In einem Artikel der "Zeit" über das gemeinsame Statement von Heiko Maas und Angelina Jolie fehlt übrigens die Erwähnung männlicher Opfer.
5. Der Mythos vom Durchschnittsmann als jemand, der Frauen sein sexuelles Begehren aufdrückt, bröckelt weiter: Einer aktuellen Studie zufolge lassen Männer, anders als Frauen, deutlich weniger sexuelles Interesse erkennen, als sie tatsächlich empfinden, halten entsprechende Signale also eher zurück.
6. In den USA hat die Regierung Trump gegen ein von der Männerrechtsbewegung erstrittenes Gerichtsurteil, das es als nicht verfassungsmäßig befand, allein Männer ins Militär zu zwingen, Berufung eingelegt.
7. Das feministische Veganer-Café in Australien, in dem Männer 18 Prozent mehr bezahlen müssen als Frauen, geht pleite. In einem auf Facebook veröffentlichten Abschieds-Posting heißt es:
"Diese Männersteuer hat das Internet förmlich in die Luft gejagt: eine Idee, die wir nicht für allzu radikal hielten, aber die Art und Weise, wie die Welt reagierte, zeigte uns, wie zerbrechlich Männlichkeit ist, und verfestigte die Notwendigkeit, dass wir uns dem Patriarchat stellen und es abbauen müssen."

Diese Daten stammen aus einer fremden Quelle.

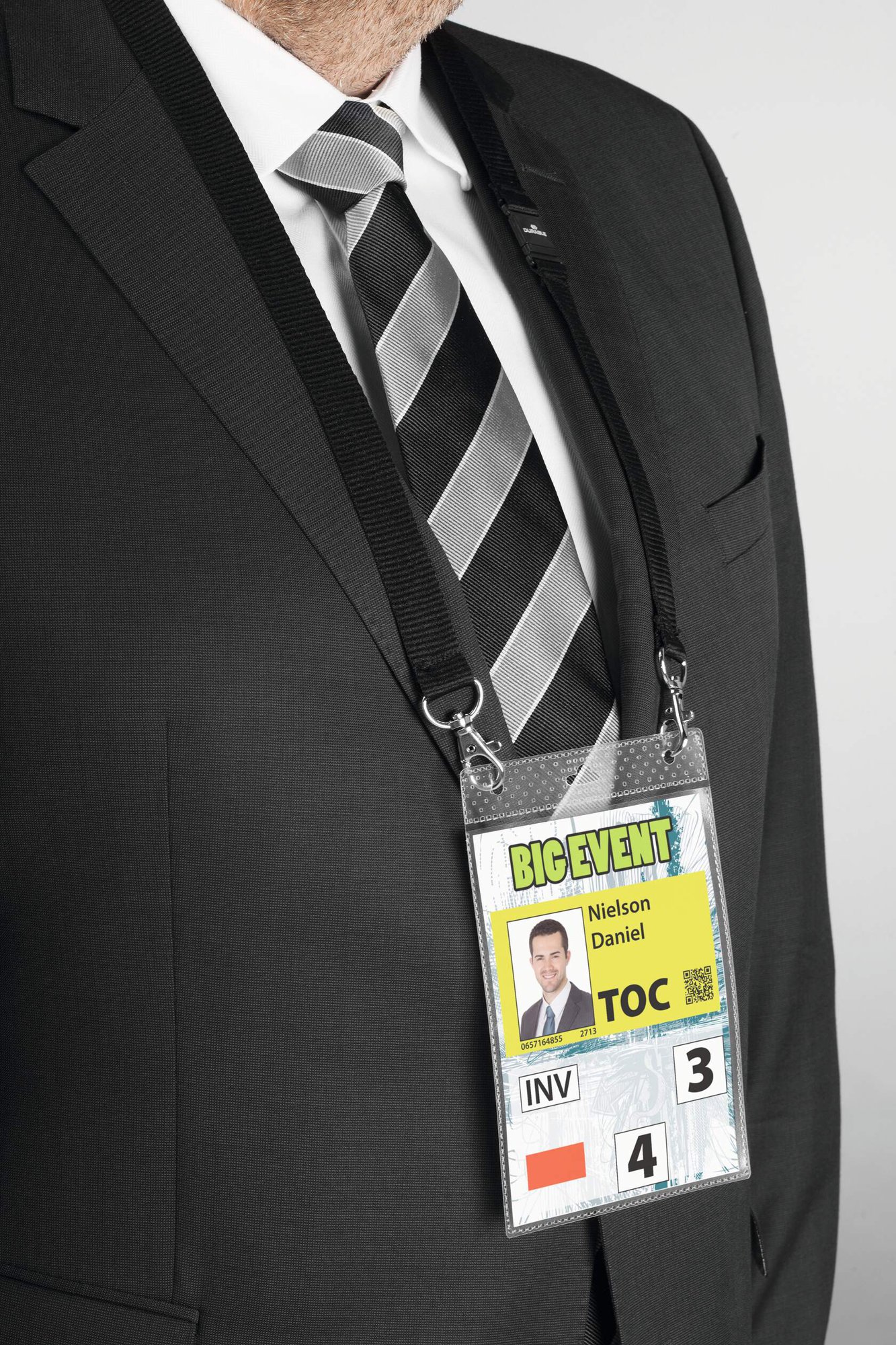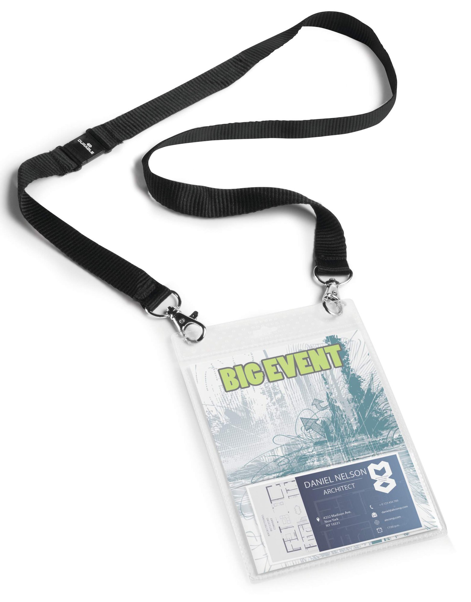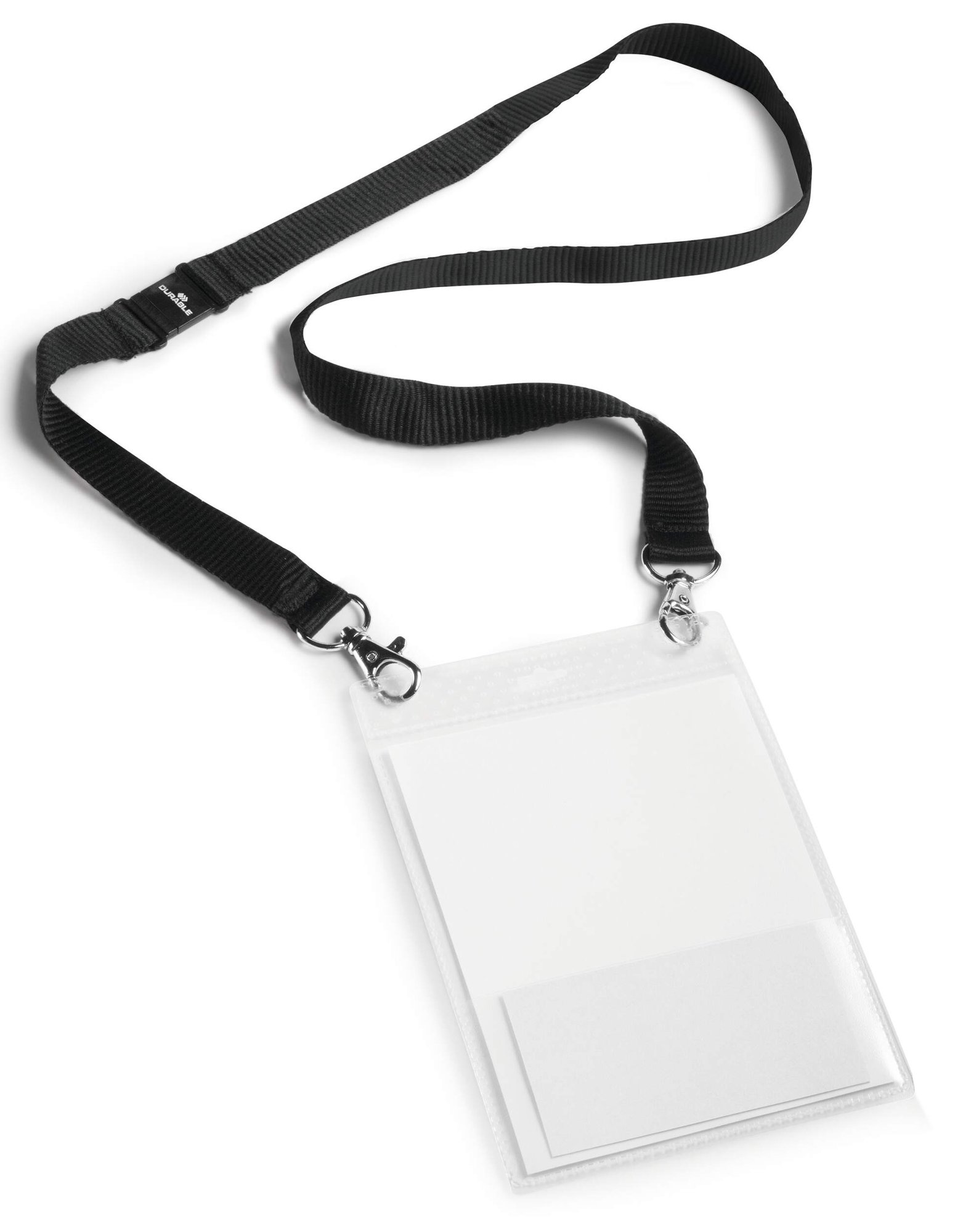 Durable lanyards are made of soft high quality fabric and feature safety releases to protect the user from snagging.<br><br>Our crystal clear transparent name badges are made of premium anti-tear plastics for increased durability. They feature an extra pocket for business cards and name badges<br><br>Provided with our free online name badge design software DURAPRINT with database functionality, saving you both time and money.<br><br>Environmentally friendly in accordance with ISO 14021: 100% recyclable.<br><br>Provided with 10 pre-cut blank insert cards<br>Compatible with printable inserts (product # 142002)<br><br>Made in Germany<br>Lanyard length: 88 cm<br>Insert size: Portrait A6 (105 x 149 mm)<br>Pack size: 10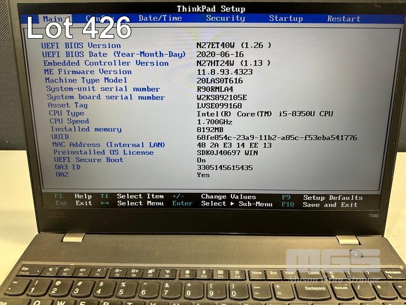 LAPTOP, LENOVO THINKPAD T580, TYPE 20LA, CORE i5 8350U (8TH GEN) @ 1.7GHz, 8GB DDR4 RAM, 256GB NVMe M.2 SSD, 15.6" WIDESCREEN (1920x1080), INTEL UHD GRAPHICS, Wi-Fi, BLUETOOTH, WINDOWS 11 PRO INSTALLED (NO USB-C POWER SUPPLY) (NOTE: MARKS ON SCREEN) S/N:R90RMLA4

8. Die CDU will für Frauen attraktiver werden und dazu dem Mitgliederbeauftragten Henning Otte zufolge stärker auf die Vereinbarkeit von Familie und Beruf achten. Darüber berichtet die Frankfurter Allgemeine. Otte zufolge werde "ein ansprechendes Umfeld mit einem vielfältigen Themenkatalog bei Frauen positiver aufgenommen als eine Frontal-Veranstaltung mit politischen Berichten, ohne die Möglichkeit, kommunikativ zu arbeiten."
In dem Artikel heißt es weiter:
Auf die Frage, was er von einer verpflichtenden Frauenquote halte, zeigte sich der CDU-Mitgliederbeauftragte Otte zurückhaltend. Die CDU sei "geprägt vom freiwilligen Engagement. Wir überprüfen uns jedoch, ob diese Methoden auch wirksam sind". Nach einem Parteitagsbeschluss gilt ein Frauenquorum. Demnach sollen Frauen an Parteiämtern und an öffentlichen Mandaten mindestens zu einem Drittel beteiligt sein.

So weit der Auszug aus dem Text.